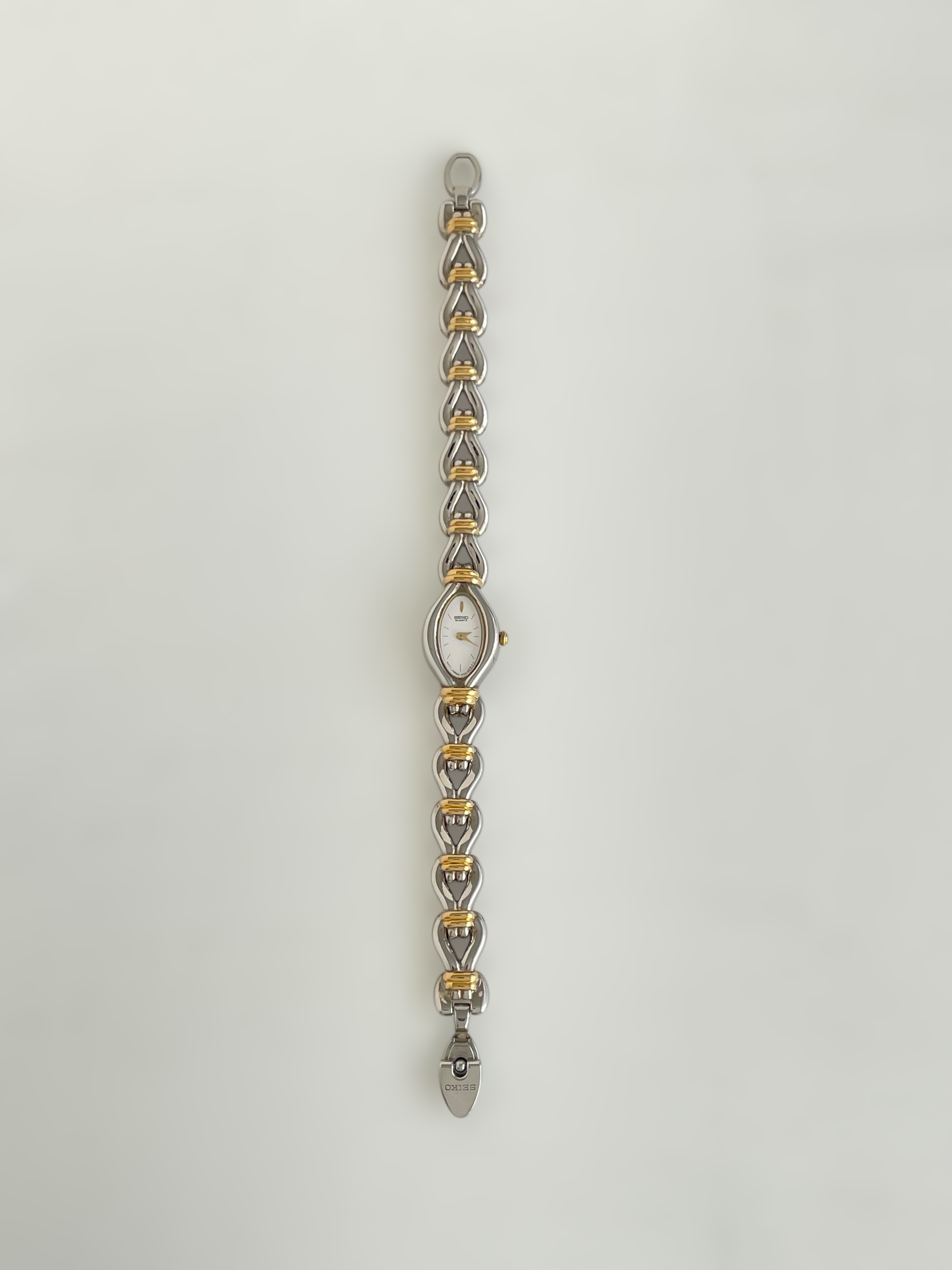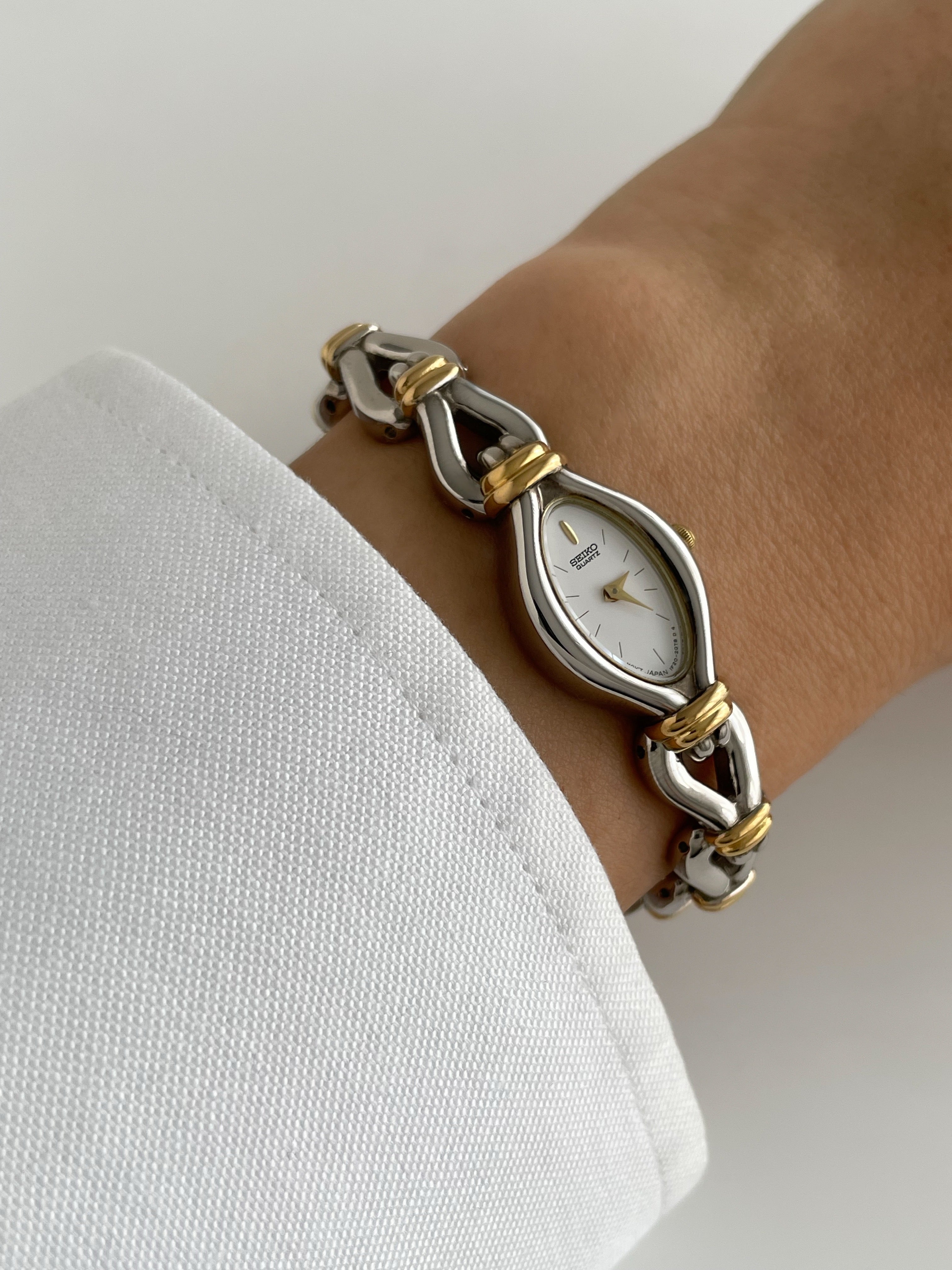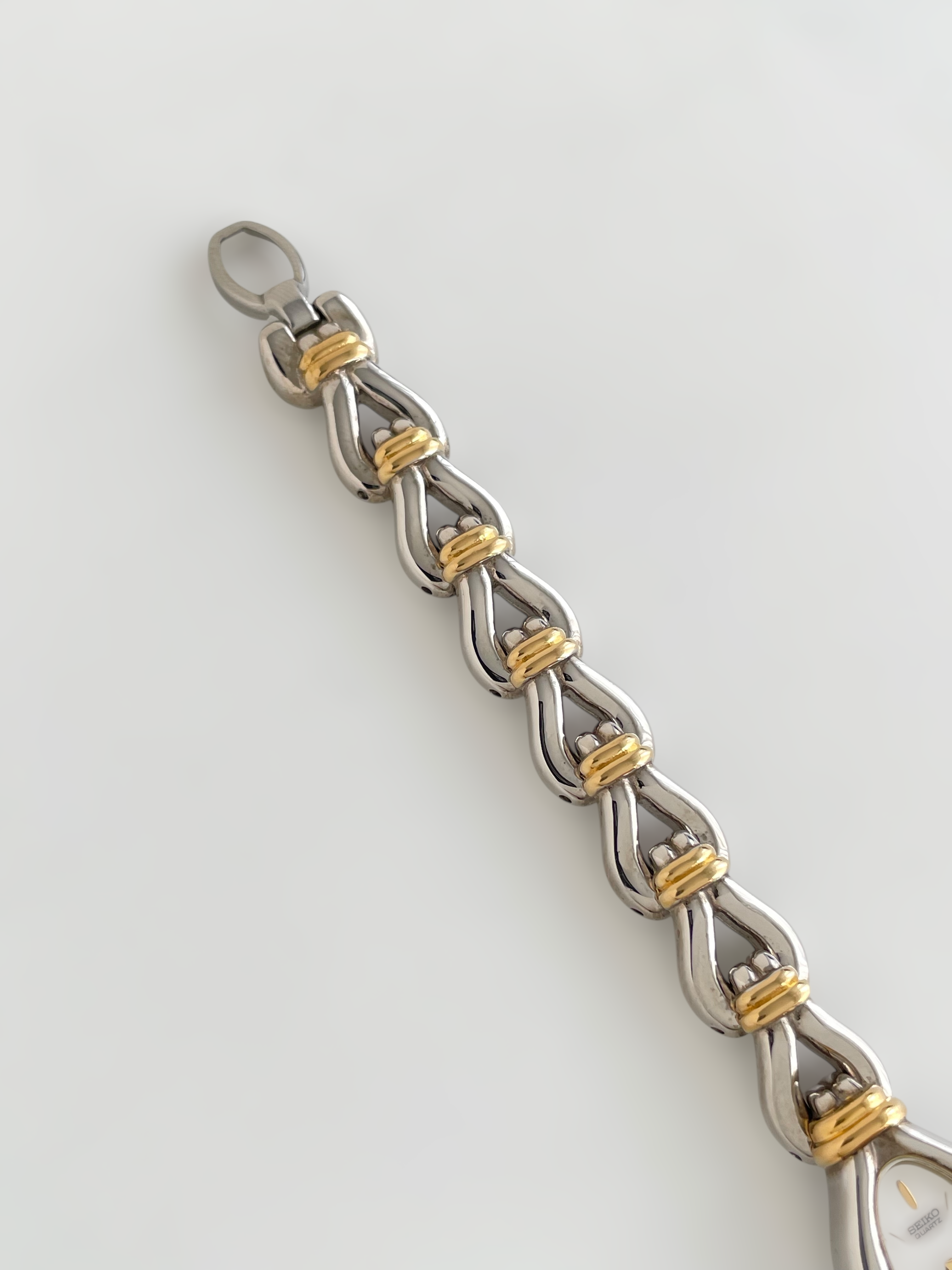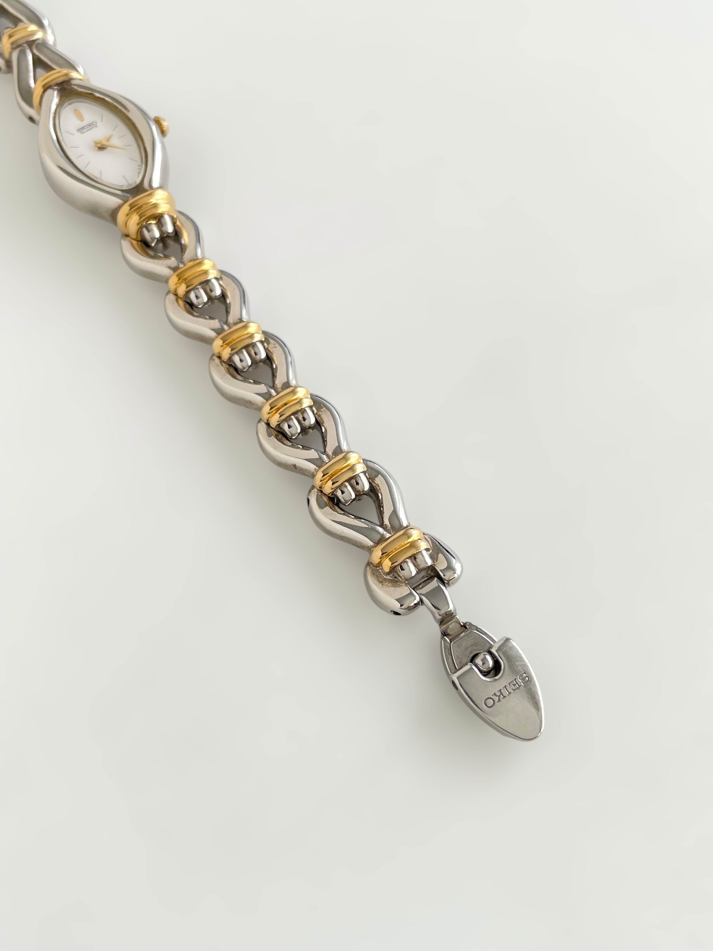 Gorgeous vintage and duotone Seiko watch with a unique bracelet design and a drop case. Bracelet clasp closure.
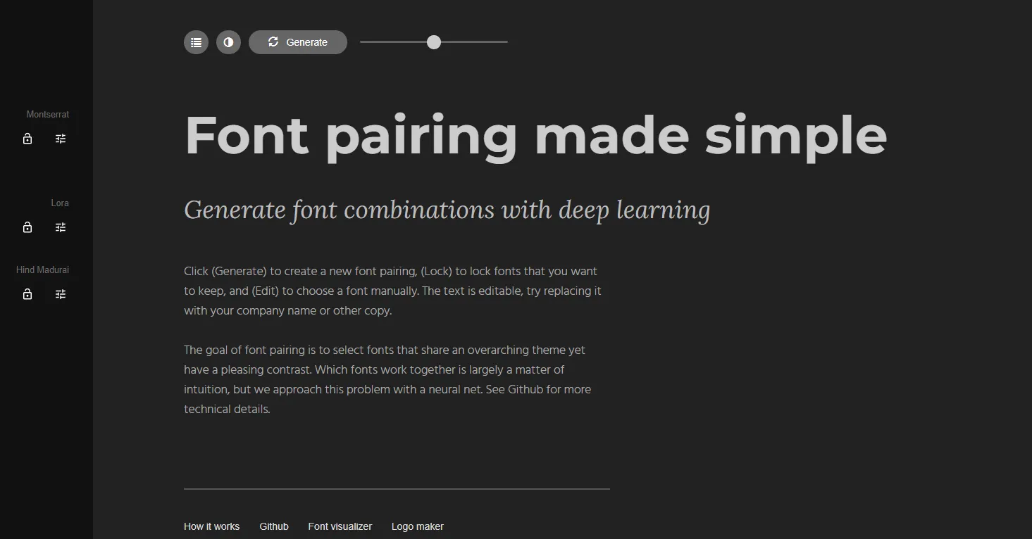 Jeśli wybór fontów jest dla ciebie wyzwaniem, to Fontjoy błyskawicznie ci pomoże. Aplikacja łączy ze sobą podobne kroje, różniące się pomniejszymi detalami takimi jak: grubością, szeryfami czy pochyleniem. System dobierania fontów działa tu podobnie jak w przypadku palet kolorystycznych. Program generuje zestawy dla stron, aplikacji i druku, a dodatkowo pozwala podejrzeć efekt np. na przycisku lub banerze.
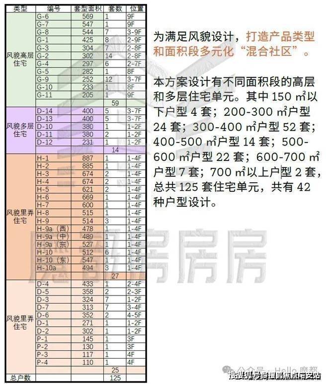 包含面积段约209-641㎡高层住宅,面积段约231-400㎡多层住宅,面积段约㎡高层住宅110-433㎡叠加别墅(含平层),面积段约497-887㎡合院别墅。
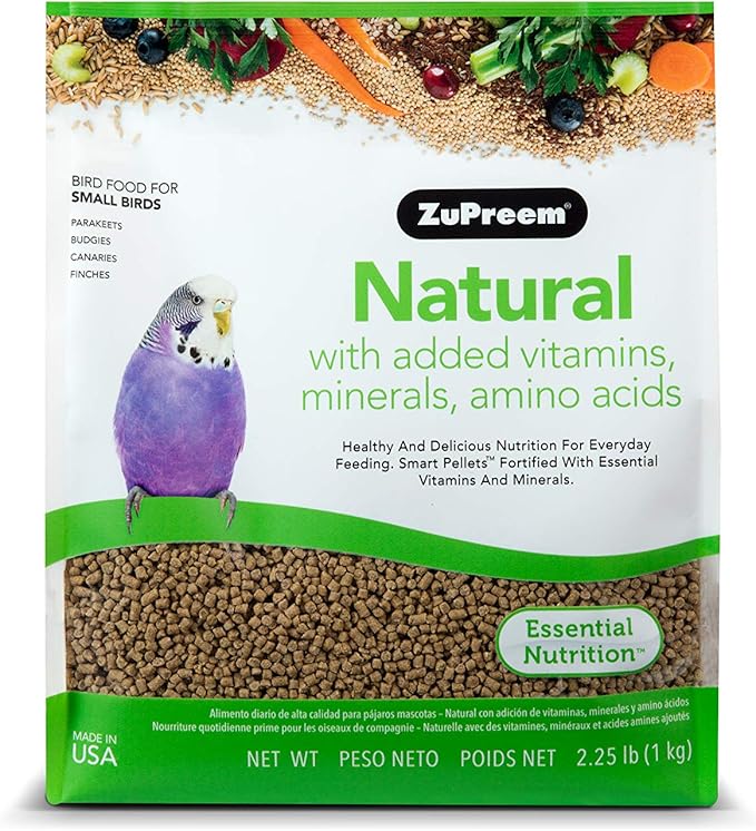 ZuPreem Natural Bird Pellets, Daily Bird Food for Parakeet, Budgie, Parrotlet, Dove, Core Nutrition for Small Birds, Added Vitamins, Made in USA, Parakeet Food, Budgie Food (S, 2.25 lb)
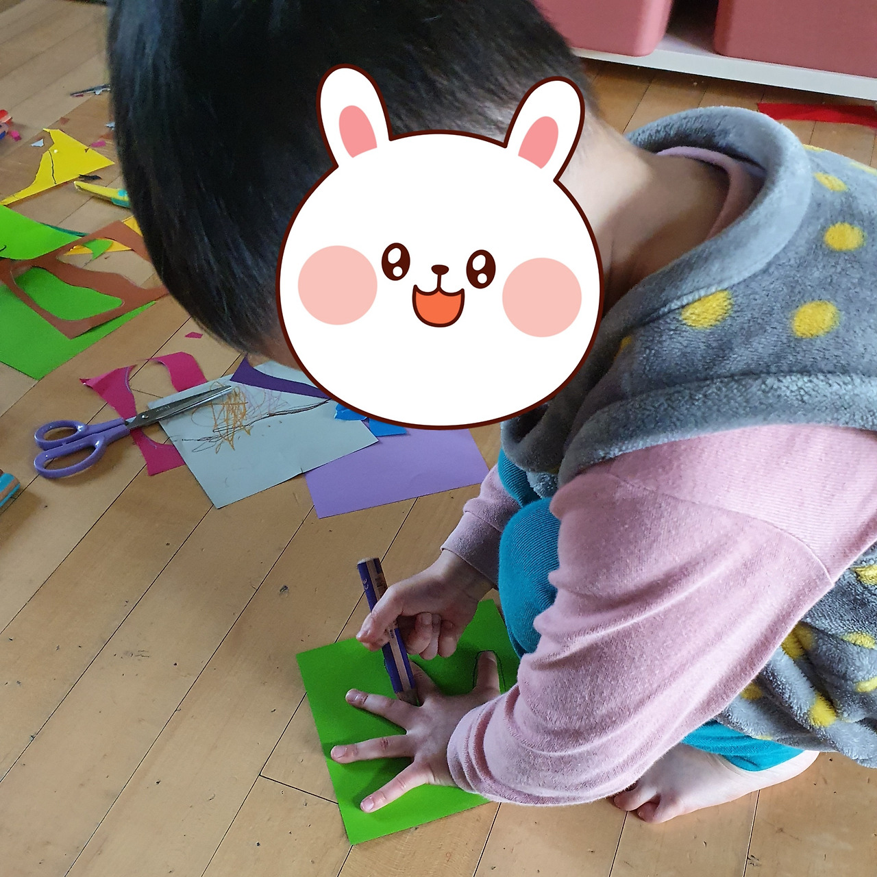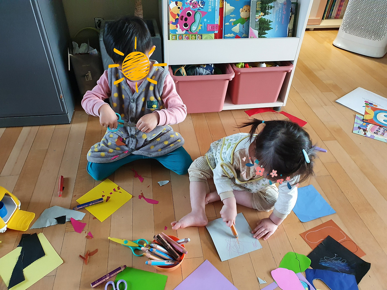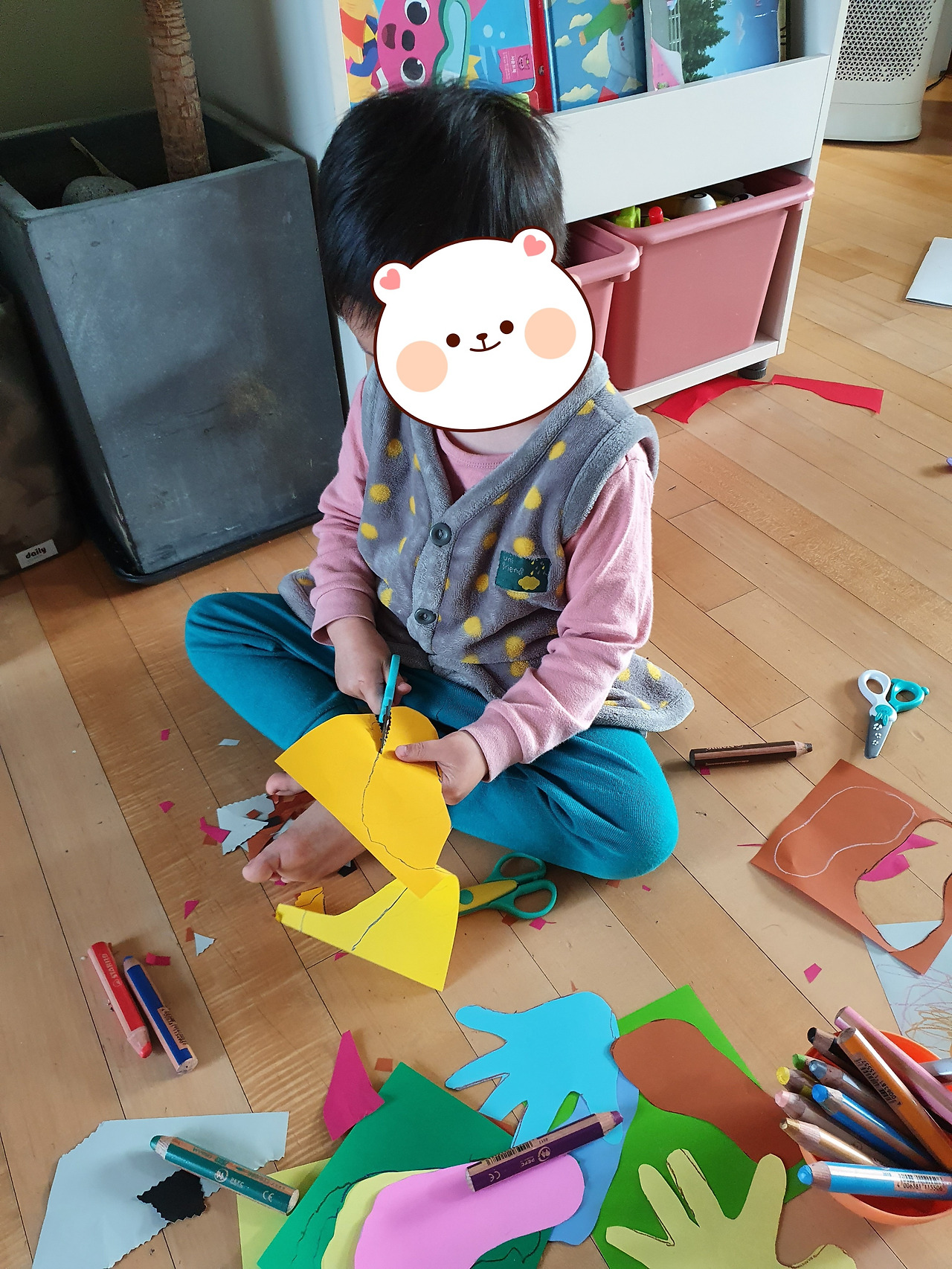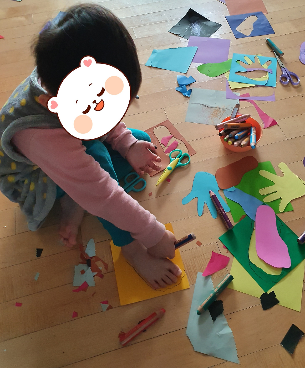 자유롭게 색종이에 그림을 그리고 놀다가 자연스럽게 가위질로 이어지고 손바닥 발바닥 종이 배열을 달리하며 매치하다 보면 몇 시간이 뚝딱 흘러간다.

---

• WHAT YOU SHOULD DO
Please reproduce every record exactly as written, excluding the pictures.

• TASK SOLUTION
 Gorgeous vintage and duotone Seiko watch with a unique bracelet design and a drop case. Bracelet clasp closure.
 Jeśli wybór fontów jest dla ciebie wyzwaniem, to Fontjoy błyskawicznie ci pomoże. Aplikacja łączy ze sobą podobne kroje, różniące się pomniejszymi detalami takimi jak: grubością, szeryfami czy pochyleniem. System dobierania fontów działa tu podobnie jak w przypadku palet kolorystycznych. Program generuje zestawy dla stron, aplikacji i druku, a dodatkowo pozwala podejrzeć efekt np. na przycisku lub banerze.
 包含面积段约209-641㎡高层住宅,面积段约231-400㎡多层住宅,面积段约㎡高层住宅110-433㎡叠加别墅(含平层),面积段约497-887㎡合院别墅。
 ZuPreem Natural Bird Pellets, Daily Bird Food for Parakeet, Budgie, Parrotlet, Dove, Core Nutrition for Small Birds, Added Vitamins, Made in USA, Parakeet Food, Budgie Food (S, 2.25 lb)
 자유롭게 색종이에 그림을 그리고 놀다가 자연스럽게 가위질로 이어지고 손바닥 발바닥 종이 배열을 달리하며 매치하다 보면 몇 시간이 뚝딱 흘러간다.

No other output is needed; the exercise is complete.